### What is expected
Make an exact copy, from the records below, of the lines from the line containing "古诗词里的节气风物,洋溢着文" to the line containing "シャッター下塗り施工中", both lines included, excluding pictures.

+++ Records shown +++

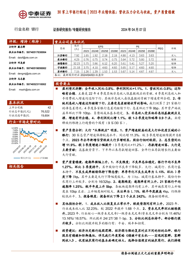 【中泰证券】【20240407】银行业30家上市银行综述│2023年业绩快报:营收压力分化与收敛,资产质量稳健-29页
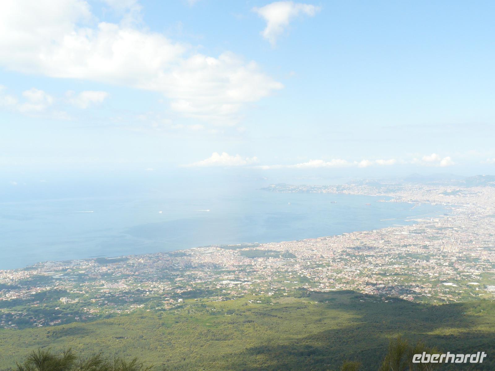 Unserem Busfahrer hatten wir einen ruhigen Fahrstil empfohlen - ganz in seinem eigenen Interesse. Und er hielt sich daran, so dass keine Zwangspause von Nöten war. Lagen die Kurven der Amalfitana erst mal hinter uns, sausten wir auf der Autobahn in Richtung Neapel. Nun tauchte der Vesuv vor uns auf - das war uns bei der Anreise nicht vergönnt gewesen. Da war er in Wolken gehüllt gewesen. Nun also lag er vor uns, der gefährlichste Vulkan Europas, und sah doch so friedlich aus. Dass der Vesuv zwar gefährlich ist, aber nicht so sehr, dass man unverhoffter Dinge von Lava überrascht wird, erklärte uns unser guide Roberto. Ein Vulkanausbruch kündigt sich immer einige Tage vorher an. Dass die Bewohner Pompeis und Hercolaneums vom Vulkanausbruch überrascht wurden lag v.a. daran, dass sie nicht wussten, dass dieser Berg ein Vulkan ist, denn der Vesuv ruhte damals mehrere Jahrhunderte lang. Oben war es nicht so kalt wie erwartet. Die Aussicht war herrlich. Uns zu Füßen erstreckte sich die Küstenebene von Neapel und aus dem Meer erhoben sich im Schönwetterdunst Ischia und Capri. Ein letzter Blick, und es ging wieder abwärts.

+++
+++ Records shown +++

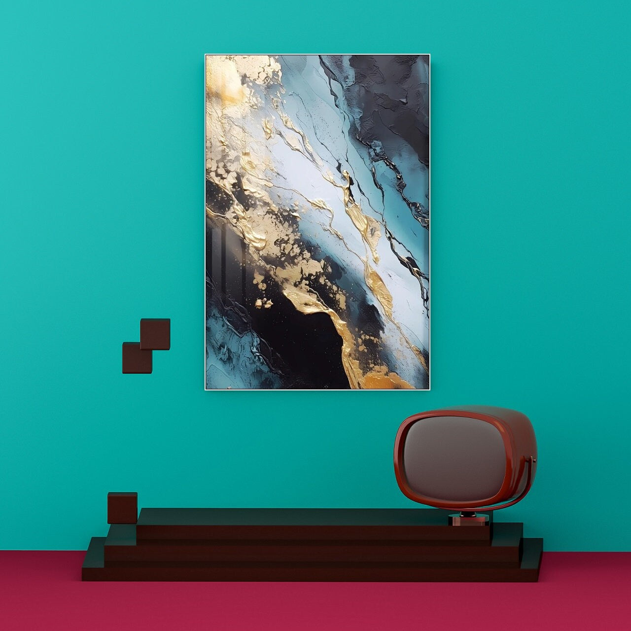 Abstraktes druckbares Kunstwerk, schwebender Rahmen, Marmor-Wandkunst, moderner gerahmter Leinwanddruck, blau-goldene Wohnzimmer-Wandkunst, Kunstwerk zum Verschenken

+++
+++ Records shown +++

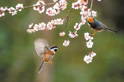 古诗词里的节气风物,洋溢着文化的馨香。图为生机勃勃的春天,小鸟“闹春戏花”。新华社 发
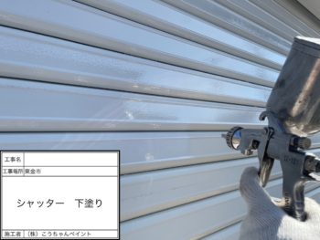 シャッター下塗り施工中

+++

### Result
 古诗词里的节气风物,洋溢着文化的馨香。图为生机勃勃的春天,小鸟“闹春戏花”。新华社 发
 シャッター下塗り施工中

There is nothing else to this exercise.